When plaintiff arrived at the property, the homeowner told her that two pitbulls were crated in the kitchen. After stepping into the house, plaintiff also noticed a third, uncaged pitbull in the bedroom, but it was "older" and "lethargic" and plaintiff characterized it as "very calm and docile." Plaintiff testified that she had "no reason to believe the pitbulls were dangerous because two were in crates and not making noise, and the other dog was sick." For her part, the homeowner testified that none of the pitbulls had any vicious propensities.

After inspecting the inside of the house, plaintiff and the homeowner went outside. When they did, plaintiff noticed that "the dogs were out of their crates on the deck and making noise." But still, she "had no reason to believe that any of the dogs would bite her."

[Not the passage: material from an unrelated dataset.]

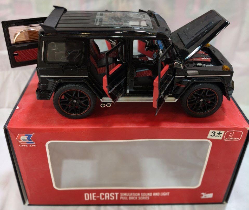 - تصميم مفصل: نموذج سيارات الدفع الرباعي الفاخر المعدني المصبوب بلمسة نهائية سوداء أنيقة مع لمسات داخلية حمراء، تتميز بتفاصيل نمط ألياف الكربون وعجلات من خليط معدني أسود مخصص

Unfortunately, she was wrong. As plaintiff walked towards her car, "one of the pitbulls charged her" and "repeatedly attacked" her. She sued the homeowner along with the agency and the agent. She settled her claims with the homeowner, but not the claims against the agency and the agent. Both of them moved for summary judgment, arguing that they owed plaintiff no duty and, even if they did, their actions were not the proximate cause of plaintiff's injuries. The trial court granted both motions, holding that "no duty of care existed between the[ ] parties."

Plaintiff appealed. On appeal, she argued that the agency and the agent owed her a duty under both common law -- "because being attacked by the pitbull was an apparent and foreseeable risk" -- and under an internal "policy" maintained by the agency, which, plaintiff alleged, required homeowners to secure their pets during inspections and open houses. The Appellate Division rejected both arguments and affirmed the trial court.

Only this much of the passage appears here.